I've been to a few African cities. Clean is definitely not the adjective I'd ever use to describe those cities. So when my friend KB told me about how clean Kigali is, my eye brow raised in skepticism, almost like a reflex reaction. "You have to see it to believe it. Kigali is so clean, you can't find a plastic bag litter!" KB added adamantly.
So to Kigali I went, for seeing is believing.
The plane landed on a rainy day. As it approached for descent, I could see some parts of city were flooded. "Oh this is not going to be fun, and not going to be clean!" I thought.
I went out for a walkabout to get myself orientated on the city. Rwanda is famously known as the Land of Thousand Hills. Kigali, the capital is spread over some undulated hills. After the horrific episode in spring 1994, the city is rebuilding slowly but steadily. Roads well paved and high-rise beautifully erected and there are even city landscaping carefully manicured. The city is set abuzz, vibrant and full of energy. Businesses and investments are coming back to town and Rwanda as a nation is moving on forward together.

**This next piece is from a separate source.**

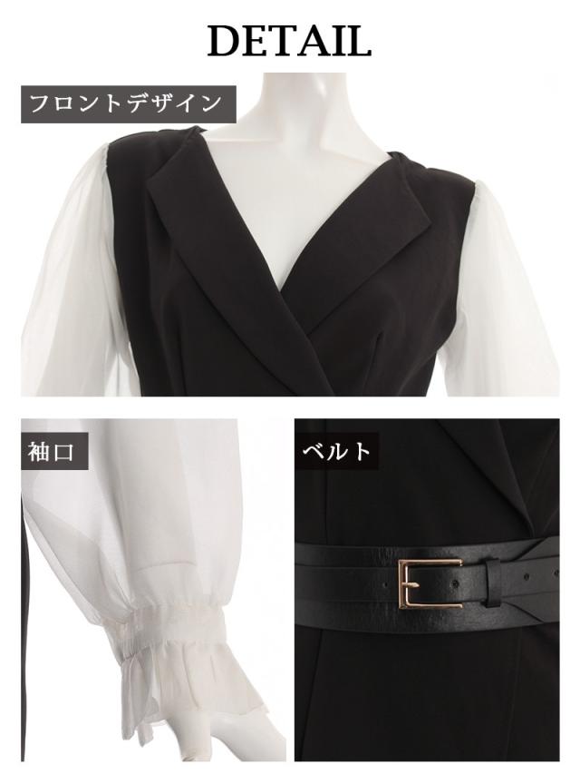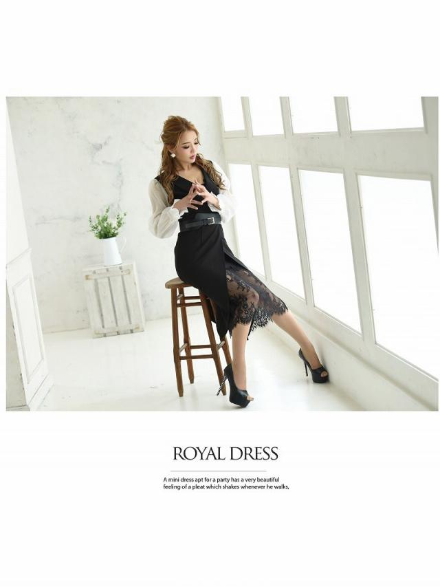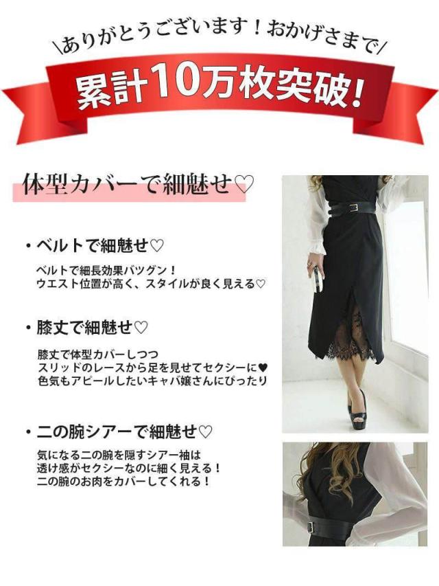 予約販売 キャバワンピース RyuyuChick 袖付き 襟デザイン ベルト付き レース フリル袖 キャバ ワンピース ワンピ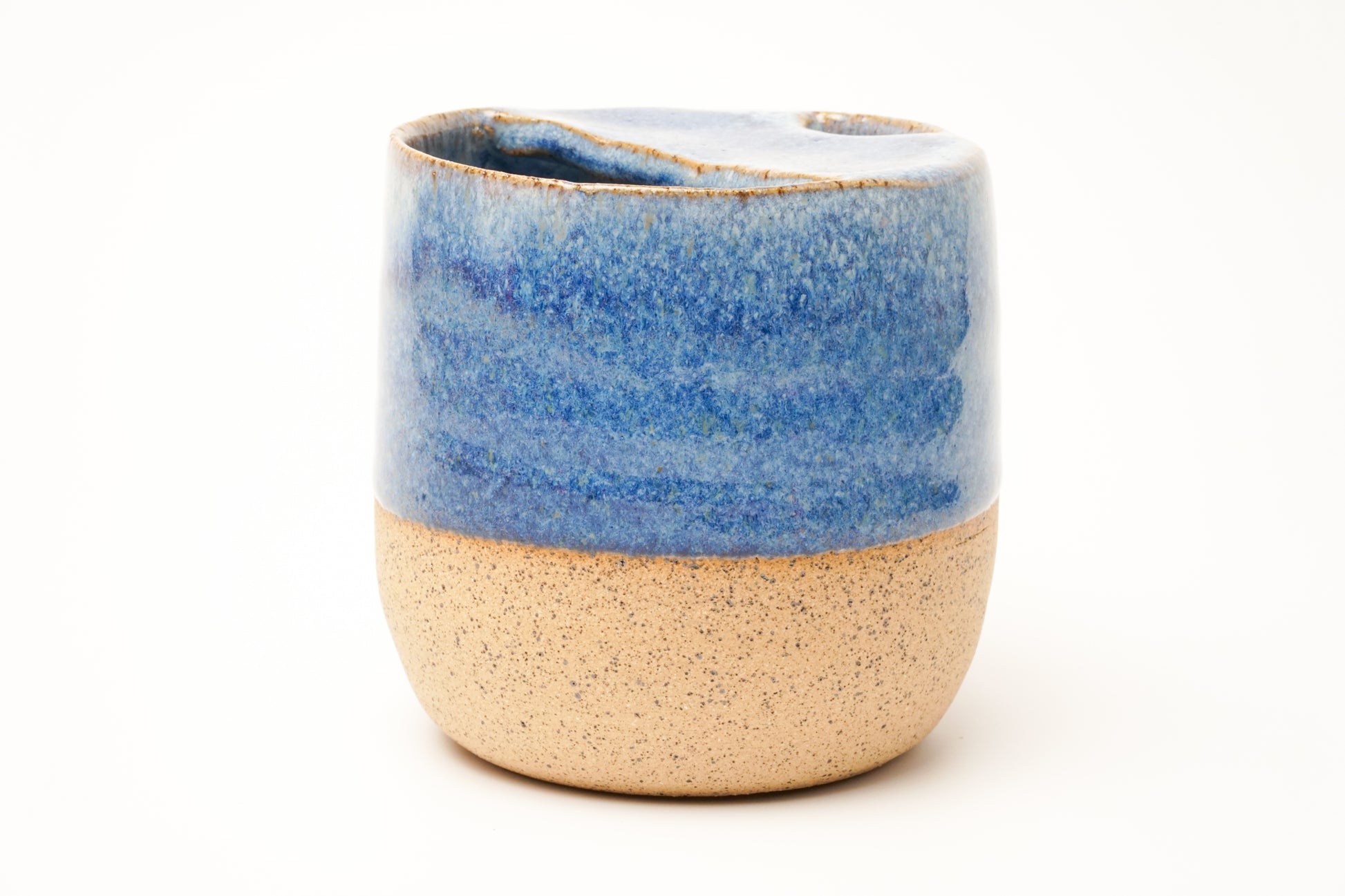 Wheel thrown To go cup in a tan speckled stoneware clay.

There isn't the tiniest hint of the atrocity of the genocide.
And yes, the city is clean, spotless even. It's true that there's no litter on the street at all, or the back alleys or the side lanes for that matter. Cigarette buds, plastic bottles, candy wrappers, plastic bags, none in sight. What floored me with the cleanliness of the city was that there was not even fallen leaves from the trees lining alongside the roads. I was truly impressed.
Yes, now I'm a believer!
It was not until I visited the Kigali Memorial Center, I found the city is just sterilely clean, artificial and fragile. Are they not trying too hard, to clean up the city? And cleaning up the city, is it not an effort to polish off the stubborn black stain of the nation's past? Suddenly the cleanliness of the city was reduced to merely a cheerful facade, to hide the hideous monstrosity happened some 17 years ago. Are they sweeping it all under the carpet, for when it's out of sight then it'll be soon out of mind?
So there it stands firmly, the Kigali Memorial Center. The exhibition documenting the genocide through photographs and survivors accounts on video and various articles such as the victims' clothing and the killers' machetes. Many a time during my visit I would want to skip ahead. But the exhibits were as powerfully captivating as they were eerily chilling and torturously painful. They are reminders to Rwanda that hatred can be spread so easily, driving normal folks to do some insanely abnormal deeds. More so, they reminders to the world that inaction is just as hurtful and guilty as action.